# Kalevi Aho: Anyone else?



## Omicron9 (Oct 13, 2016)

Greetings.

I've been digging Aho's concertos and symphonic works of late. I don't see his name mentioned here, or maybe I've just not been around these parts long enough.

Here's an example:






Just the fact that he'd write a concerto for Contrabassoon makes me love him.

-09


----------



## Sloe (May 9, 2014)

Yes I have enjoyed his music one of the better living composers.


----------



## Art Rock (Nov 28, 2009)

BIS released a large number of CD's of his work and I got most of them. One of my favourite living composers.


----------



## Pugg (Aug 8, 2014)

He was recently mentioned a few times in wind concertos topic.


----------



## Omicron9 (Oct 13, 2016)

Pugg said:


> He was recently mentioned a few times in wind concertos topic.


Thanks, Pugg; obviously I missed that, but will go in search of it now....


----------



## Heck148 (Oct 27, 2016)

I'm getting into his Sym #12 "Luosto" - interesting work..has some very effective writing...


----------



## brianvds (May 1, 2013)

Are there any composers left who are _not_ Finnish? 

I'll have to go dig into his work a bit...


----------



## arpeggio (Oct 4, 2012)

*Aho Lives*

I have been an Aho fan for years.

My favorite work is still the first one of his symphonies that I became familiar with: _The Second_.

Whenever some of the wanna be classical music experts around here claim that Shostakovich was the last great symphonist, I use Aho as one of the examples of a living great symphonist.


----------



## Manxfeeder (Oct 19, 2010)

I was introduced to him through David Hurwitz's book on Sibelius; it included a CD with a track of one of his pieces.

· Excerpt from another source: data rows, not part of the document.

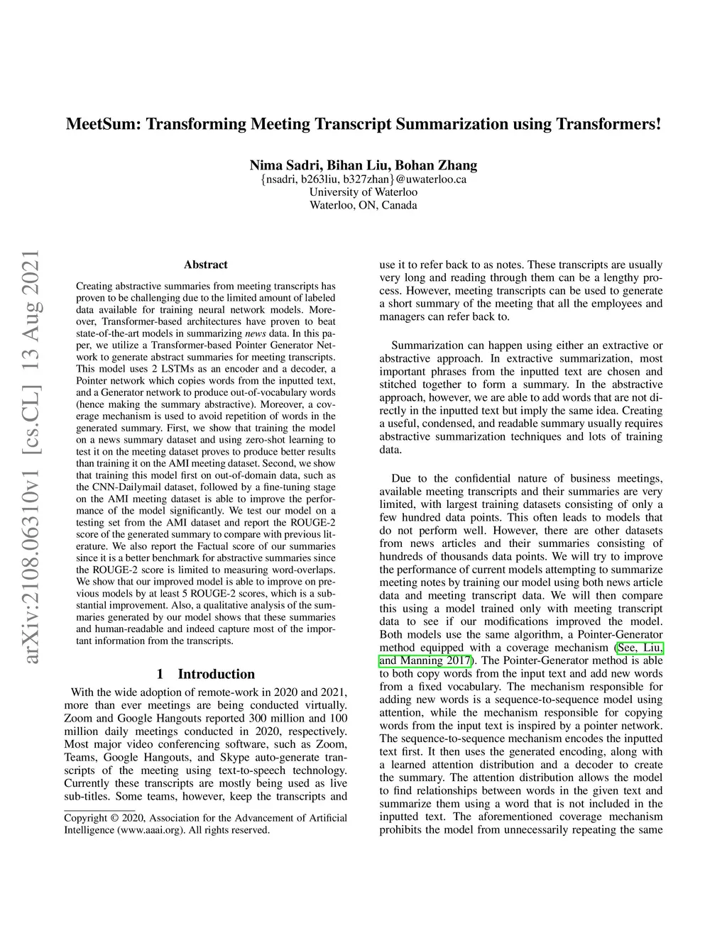 Creating abstractive summaries from meeting transcripts has proven to be challenging due to the limited amount of labeled data available for training neural network models. Moreover, Transformer-based architectures have proven to beat state-of-the-art models in summarizing news data. In this paper, we utilize a Transformer-based Pointer Generator Network to generate abstract summaries for meeting transcripts. This model uses 2 LSTMs as an encoder and a decoder, a Pointer network which copies words from the inputted text, and a Generator network to produce out-of-vocabulary words (hence making the summary abstractive). Moreover, a coverage mechanism is used to avoid repetition of words in the generated summary. First, we show that training the model on a news summary dataset and using zero-shot learning to test it on the meeting dataset proves to produce better results than training it on the AMI meeting dataset. Second, we show that training this model first on out-of-domain data, such as the CNN-Dailymail dataset, followed by a fine-tuning stage on the AMI meeting dataset is able to improve the performance of the model significantly. We test our model on a testing set from the AMI dataset and report the ROUGE-2 score of the generated summary to compare with previous literature. We also report the Factual score of our summaries since it is a better benchmark for abstractive summaries since the ROUGE-2 score is limited to measuring word-overlaps. We show that our improved model is able to improve on previous models by at least 5 ROUGE-2 scores, which is a substantial improvement. Also, a qualitative analysis of the summaries generated by our model shows that these summaries and human-readable and indeed capture most of the important information from the transcripts.
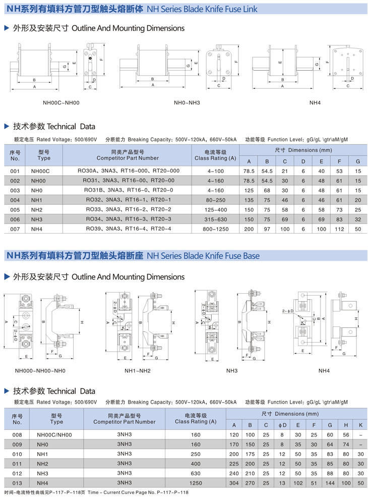 NH雙顯示有填料方管刀型觸頭熔斷體
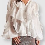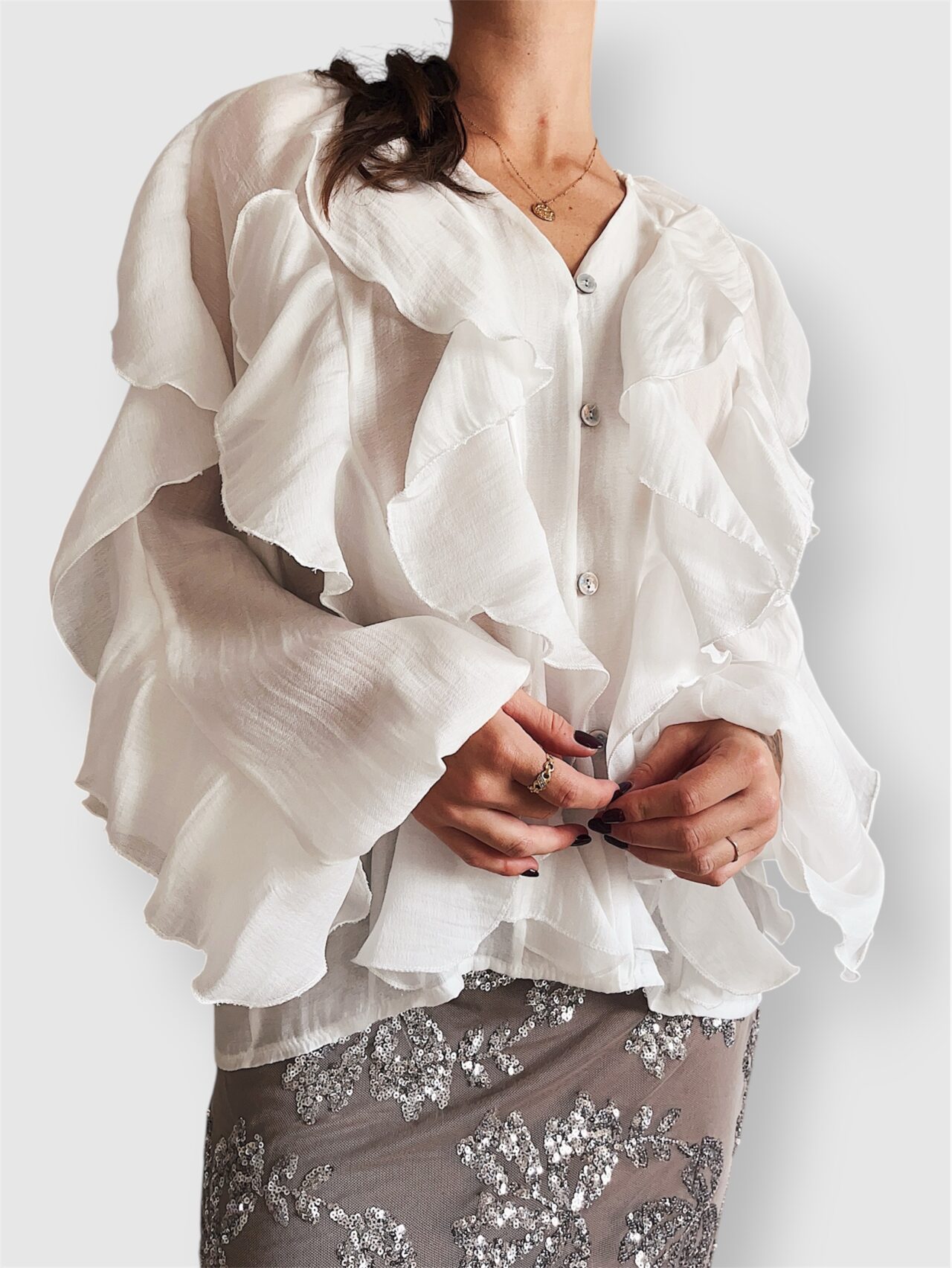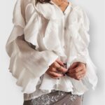 Light and airy, it stands out with its striking volume and textured details. A statement piece that adds effortless movement and style from day to night.

I keep meaning to explore him further, but I always get distracted. Ars longa, vita brevis and all that kind of thing.


----------



## Vasks (Dec 9, 2013)

I have 4-5 selections of his. I like him best when he's being quirky in a fun way, less so when he's super-serious-intense-chaotic.


----------



## cimirro (Sep 6, 2016)

He is a very interesting composer, I enjoy everything I have heard by him (exactly like his master Rautavaara)


----------



## arpeggio (Oct 4, 2012)

brianvds said:


> Are there any composers left who are _not_ Finnish?
> 
> I'll have to go dig into his work a bit...

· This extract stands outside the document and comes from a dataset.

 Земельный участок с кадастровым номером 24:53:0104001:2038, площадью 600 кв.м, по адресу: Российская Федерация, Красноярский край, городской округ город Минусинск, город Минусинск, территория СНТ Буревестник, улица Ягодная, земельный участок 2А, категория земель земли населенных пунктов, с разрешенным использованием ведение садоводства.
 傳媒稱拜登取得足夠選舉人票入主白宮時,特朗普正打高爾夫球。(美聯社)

Some of the ones I have mentioned are Richard Danielpour, John Corigliano, John Adams, David Maslanka, Donald Grantham, Frank Ticheli and Cindy McTee (she is currently married to Leonard Slatkin) among the Americans. The owner of this site, Frederik Magle, is a successful composer from Denmark. I have mentioned many composer from all over the world many times.

Because I believe that there are many living composers that are just as good as the great masters of the 18th and 19th century I have gotten into trouble in many classical music forums including this one

I remember with one member who thought classical music died with the death of Shostakovich, I used an Aho symphony, I think is was the _Second_, as an example of a great post 1970 symphony. I asked him to tell what was wrong with the work and he never replied.


----------



## cimirro (Sep 6, 2016)

arpeggio said:


> Because I believe that there are many living composers that are just as good as the great masters of the 18th and 19th century I have gotten into trouble in many classical music forums including this one
> 
> I remember with one member who thought classical music died with the death of Shostakovich, I used an Aho symphony, I think is was the _Second_, as an example of a great post 1970 symphony. I asked him to tell what was wrong with the work and he never replied.

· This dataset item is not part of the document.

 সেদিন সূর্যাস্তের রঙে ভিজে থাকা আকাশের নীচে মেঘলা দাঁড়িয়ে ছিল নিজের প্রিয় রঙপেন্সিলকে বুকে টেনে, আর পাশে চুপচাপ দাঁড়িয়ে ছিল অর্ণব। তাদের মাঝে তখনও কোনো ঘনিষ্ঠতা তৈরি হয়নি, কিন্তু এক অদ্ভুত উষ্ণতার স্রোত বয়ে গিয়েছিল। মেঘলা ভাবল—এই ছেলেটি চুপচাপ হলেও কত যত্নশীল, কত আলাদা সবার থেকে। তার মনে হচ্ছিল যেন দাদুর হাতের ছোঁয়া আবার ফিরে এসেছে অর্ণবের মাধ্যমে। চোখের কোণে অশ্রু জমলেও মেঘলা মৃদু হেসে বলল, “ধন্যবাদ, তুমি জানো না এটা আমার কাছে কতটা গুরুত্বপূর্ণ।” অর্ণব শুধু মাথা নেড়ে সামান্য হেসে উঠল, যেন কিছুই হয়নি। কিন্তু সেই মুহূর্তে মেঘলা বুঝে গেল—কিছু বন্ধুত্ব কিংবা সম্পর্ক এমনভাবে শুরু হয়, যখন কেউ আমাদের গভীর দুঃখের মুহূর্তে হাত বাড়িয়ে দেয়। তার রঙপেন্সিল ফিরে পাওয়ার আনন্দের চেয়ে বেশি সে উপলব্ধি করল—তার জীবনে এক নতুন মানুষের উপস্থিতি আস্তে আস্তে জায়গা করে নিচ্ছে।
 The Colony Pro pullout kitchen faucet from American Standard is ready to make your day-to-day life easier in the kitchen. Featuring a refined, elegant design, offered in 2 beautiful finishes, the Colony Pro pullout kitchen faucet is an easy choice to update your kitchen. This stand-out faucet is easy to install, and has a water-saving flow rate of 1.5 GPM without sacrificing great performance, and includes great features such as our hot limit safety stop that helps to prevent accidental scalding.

Don't worry, it will happens every time you write them the true 
(I say thank you for such musical love related to contemporary music)


----------



## Phil loves classical (Feb 8, 2017)

Yup, what Arpeggio wrote is the too-often disputed truth.


----------



## Bulldog (Nov 21, 2013)

Vasks said:


> I have 4-5 selections of his. I like him best when he's being quirky in a fun way, less so when he's super-serious-intense-chaotic.


It's just the opposite for me, fun not being something I appreciate in music.


----------



## brianvds (May 1, 2013)

arpeggio said:


> Some of the ones I have mentioned are Richard Danielpour, John Corigliano, John Adams, David Maslanka, Donald Grantham, Frank Ticheli and Cindy McTee (she is currently married to Leonard Slatkin) among the Americans. The owner of this site, Frederik Magle, is a successful composer from Denmark. I have mentioned many composer from all over the world many times.


I was of course just joking, though it is noteworthy just how many fine musicians and composers Finland has produced over the last century.



> Because I believe that there are many living composers that are just as good as the great masters of the 18th and 19th century I have gotten into trouble in many classical music forums including this one


There is no particular reason to suppose that genius automatically belongs in the distant past, and thus, I would expect that our own time will produce its own set of genius composers, who will in time be regarded as highly as the three Bs. But we don't know who they are: it takes a century or so before it becomes clear who the greats were. 

Of late I have become interested in 20th century and contemporary composers, and I have already run into plenty of work that strikes me as marvelous. It is of course true that there was also a lot of experimental work, and some of those wild experiments were perhaps not really successful. They also managed to put off a lot of music lovers, including even most classical music lovers.

So now there's a lot to dig through to discover the things we really like, but now that we have YouTube it no longer costs a fortune to make the discoveries, so I am nowadays far more willing to do so.


----------



## arpeggio (Oct 4, 2012)

brianvds said:


> I was of course just joking, though it is noteworthy just how many fine musicians and composers Finland has produced over the last century.


Sorry I overreacted to your post


----------



## mant (Apr 25, 2017)

Omicron9 said:


> Greetings.
> 
> I've been digging Aho's concertos and symphonic works of late. I don't see his name mentioned here, or maybe I've just not been around these parts long enough.
> 
> ...


thanks, very new name to my ears
any other good recommendations of his music?


----------